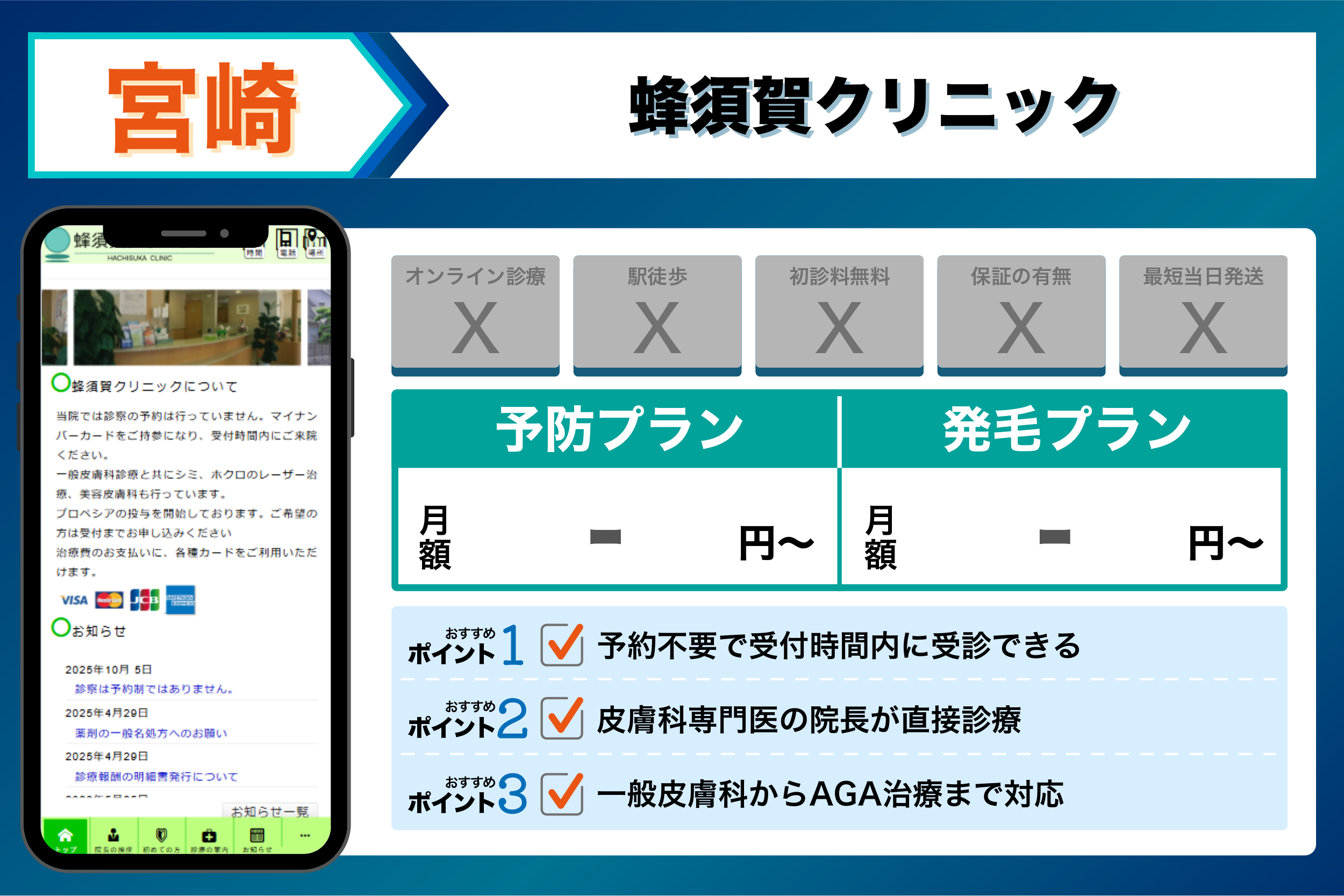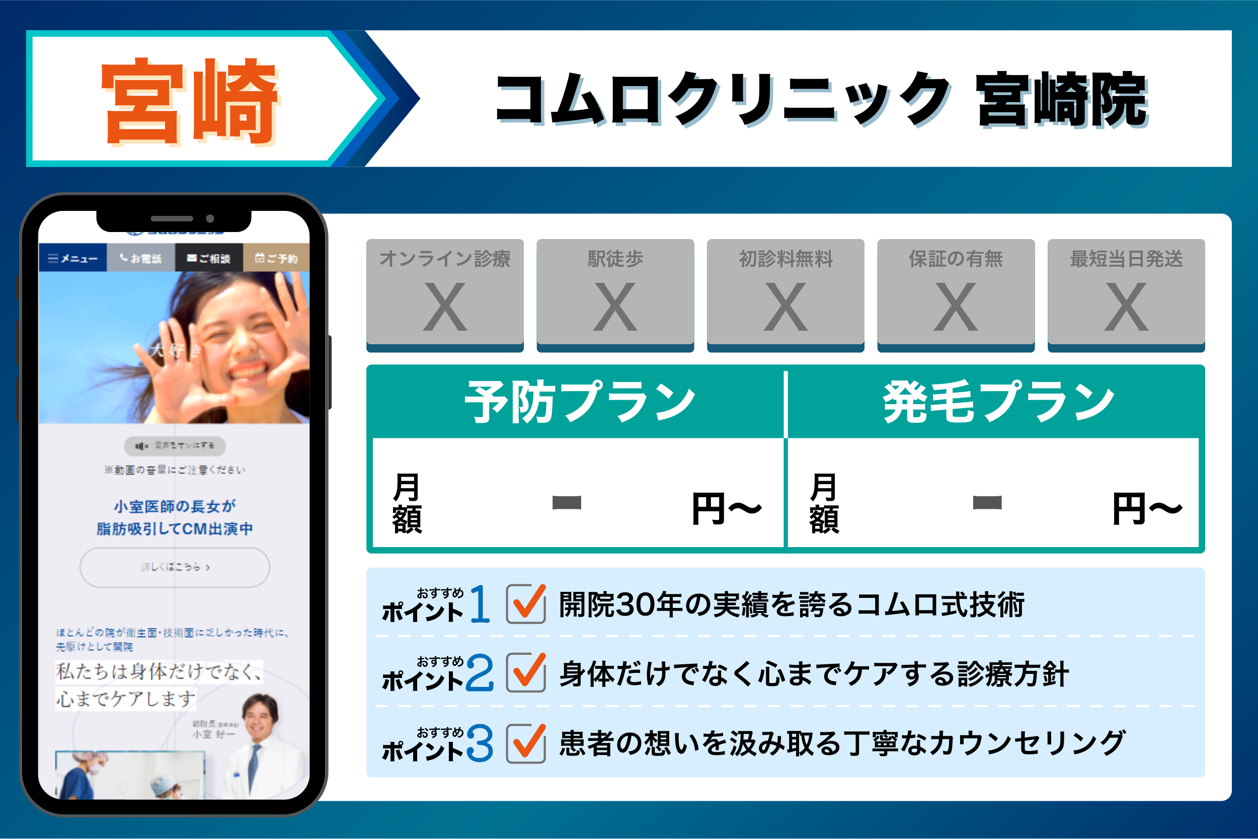 宮崎のAGAクリニックを調査してことで、AGA治療の平均相場・駅からのアクセス・初心者でも始めやすいサポート体制が整っているクリニックが明らかになりました。
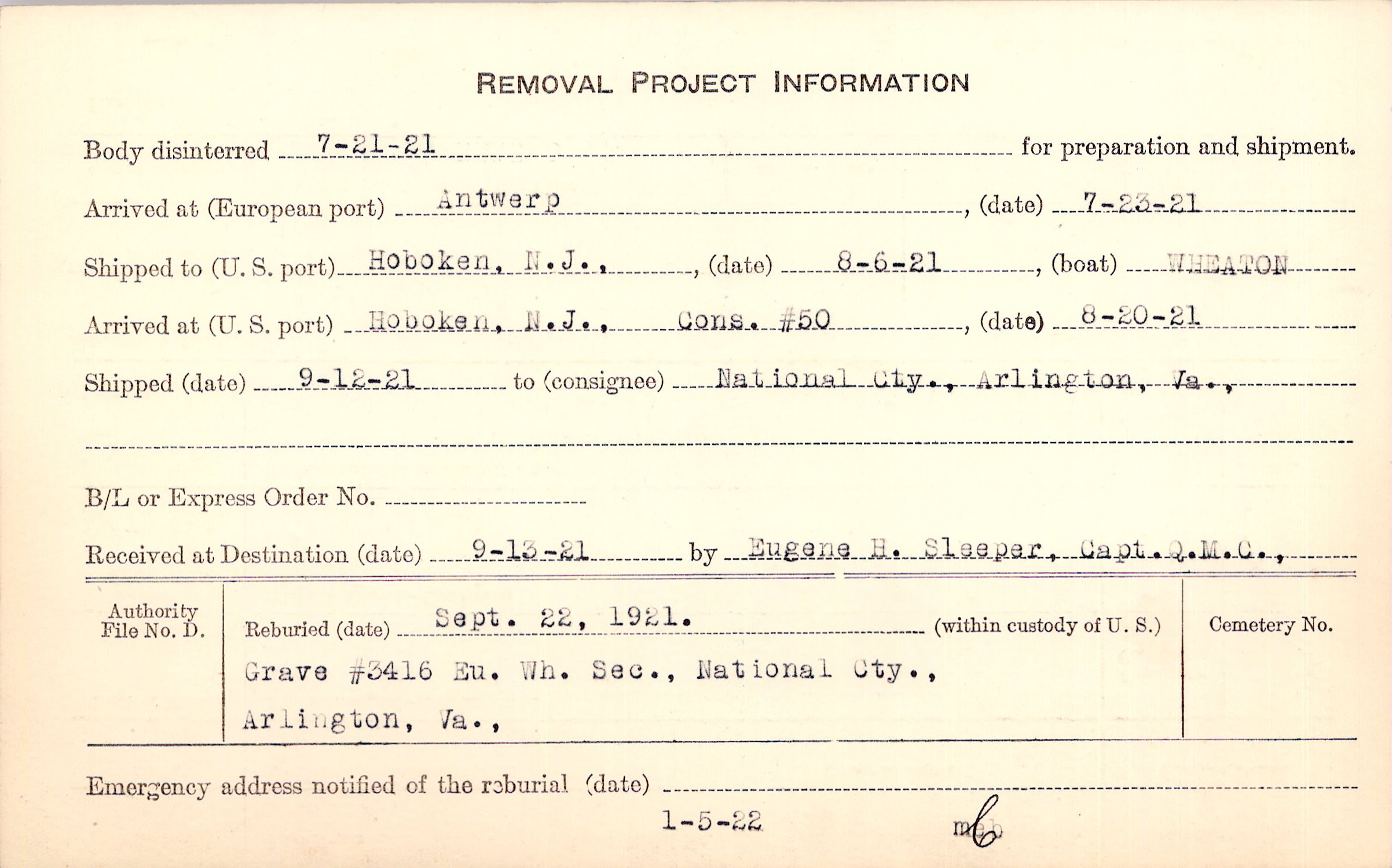 Body disinterred 7/21/1921 for preparation and shipment.
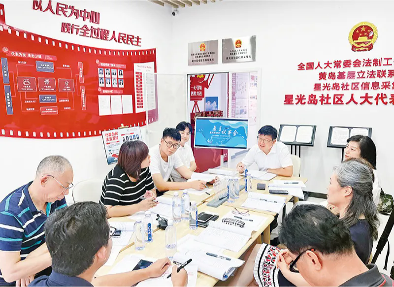 图为2023年8月6日,全国人大常委会法工委黄岛基层立法联系点在山东省青岛市黄岛区灵山卫街道星光岛社区征求社区居民对《中华人民共和国刑法修正案(十二)(草案)》的意见建议。全国人大常委会法工委供图

> _What the task requires_:
With the pictures left out, return all the material above exactly.

> _Task result_:
 宮崎のAGAクリニックを調査してことで、AGA治療の平均相場・駅からのアクセス・初心者でも始めやすいサポート体制が整っているクリニックが明らかになりました。
 Body disinterred 7/21/1921 for preparation and shipment.
 图为2023年8月6日,全国人大常委会法工委黄岛基层立法联系点在山东省青岛市黄岛区灵山卫街道星光岛社区征求社区居民对《中华人民共和国刑法修正案(十二)(草案)》的意见建议。全国人大常委会法工委供图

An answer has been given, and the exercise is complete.